Following a five-day hearing in April of this year, the FMT issued its decision on 20 October upholding the DFSA’s findings and imposing the following sanctions, which include a fine of $225,000; a direction that Dr Sheikh pay restitution of at least $644,836 to MAS Clearsight Ltd (MAS) representing the cash he had previously withdrawn in a deceptive way, along with interest and prohibition from holding office in or being an employee of certain DFSA-regulated entities.
Sheikh was the Chairman, Senior Executive Officer and majority beneficial owner of MAS, formerly a DFSA Authorised Firm which has been in liquidation since November 2015.

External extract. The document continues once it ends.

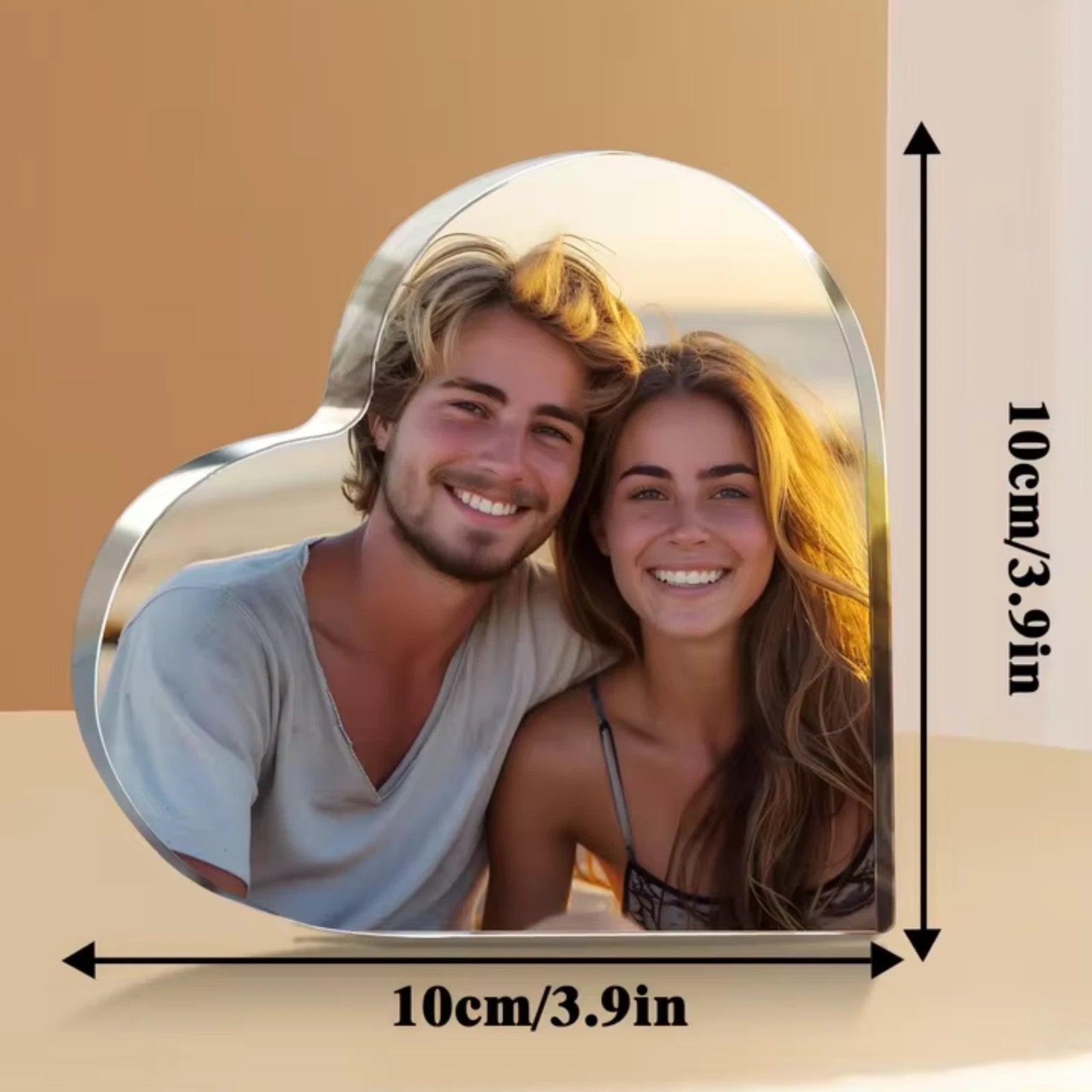 Capture your favourite memories in a stunning keepsake with our Personalised Acrylic Heart Photo Display. Printed in vibrant detail on crystal-clear acrylic, this custom heart is perfect for celebrating love, friendship, or special moments. Measuring 10cm x 10cm (3.9in x 3.9in), it’s the ideal size for desks, shelves, or bedside tables. A thoughtful and lasting gift for birthdays, anniversaries, weddings, or Valentine’s Day.
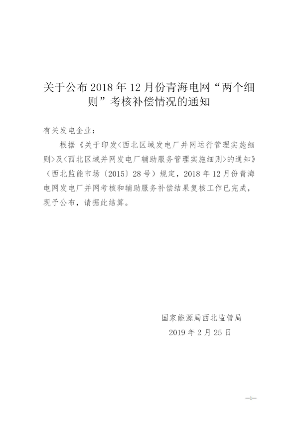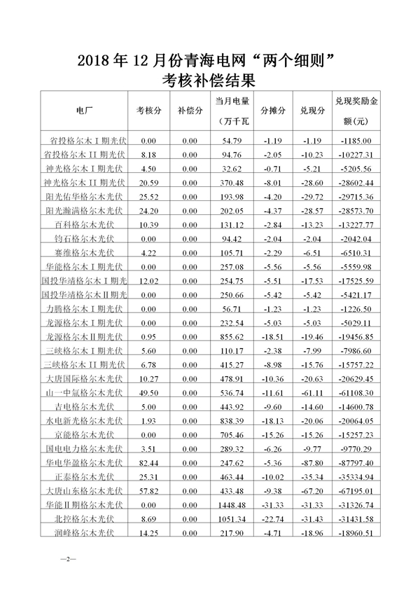 附件:關(guān)于公布2018年12月份青海電網(wǎng)“兩個(gè)細(xì)則”考核補(bǔ)償情況的通知

DFSA decided to take action against Dr Sheikh for breaches of DFSA legislation. Dr Sheikh disputed the DFSA’s findings and referred the action to the FMT for review. The FMT is a specialist tribunal, operationally independent of the DFSA, which has its own rules of procedure. The FMT conducts a full merits review of DFSA decisions that are referred to it and determines the appropriate action for the DFSA to take.
The restitution direction is the first ever imposed on an individual, and the fine is the highest imposed on an individual. In addition, the FMT ordered Sheikh to pay $15,000 towards the DFSA’s costs.

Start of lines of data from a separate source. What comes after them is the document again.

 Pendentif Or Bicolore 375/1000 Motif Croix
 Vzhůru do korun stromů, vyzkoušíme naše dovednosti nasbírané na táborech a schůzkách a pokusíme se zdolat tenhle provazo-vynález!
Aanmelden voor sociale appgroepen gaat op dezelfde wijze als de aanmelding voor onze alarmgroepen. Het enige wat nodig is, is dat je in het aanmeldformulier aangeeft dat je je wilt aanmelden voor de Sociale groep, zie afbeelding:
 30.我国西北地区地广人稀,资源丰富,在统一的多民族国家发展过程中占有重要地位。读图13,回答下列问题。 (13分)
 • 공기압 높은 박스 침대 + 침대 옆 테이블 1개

The FMT imposed the action on Dr Sheikh because it found that he demonstrated a lack of integrity by knowingly acting dishonestly and deceptively; knowingly provided false, misleading or deceptive information to the DFSA; and knowingly caused MAS to breach the DFSA’s prudential rules.
In early 2015, Dr Sheikh’s company (MAS) was in an increasingly weak financial position, and required to report its financial position to the DFSA on a monthly basis, in particular as to whether it was maintaining its regulatory capital of $600,000;
In May and June 2015, he withdrew over $512,000 in cash from MAS’ bank account, depleting almost all of its liquid assets, and causing MAS to breach its regulatory capital requirement;
By concealing his cash withdrawals and knowingly providing false information about them within MAS, Sheikh knowingly caused MAS, via its Finance Officer, to misreport its regulatory capital position to the DFSA;
When the DFSA became aware of the true position in June 2015, it promptly suspended MAS’ licence, to protect users of financial services in the DIFC. Subsequently in 2015, MAS entered into liquidation with significant outstanding debts including unpaid employee entitlements;
In an attempt to defend his misconduct, Sheikh repeatedly, over the course of several years, provided the DFSA and the FMT with an elaborate and improbable version of events. This included false claims that Dr Sheikh withdrew the cash initially to pay investors as part of an investment deal, and later when the deal fell through to pay other legitimate debtors, which claims he tried to support with fabricated documents and false witness testimony.
In its decision, the FMT described Sheikh’s misconduct as a “dishonest set of steps aggravated by devious acts to try to conceal and cover up over a long period”. The FMT also found that Dr Sheikh knew full well that his withdrawals had been causing MAS to breach its regulatory capital requirement “because his story of the deal is a lie”.
The FMT refused Sheikh permission to appeal its decision to the DIFC Court. Dr Sheikh did not file an application to the DIFC Courts for permission to appeal against the FMT’s decision and, therefore, the FMT’s decision is final.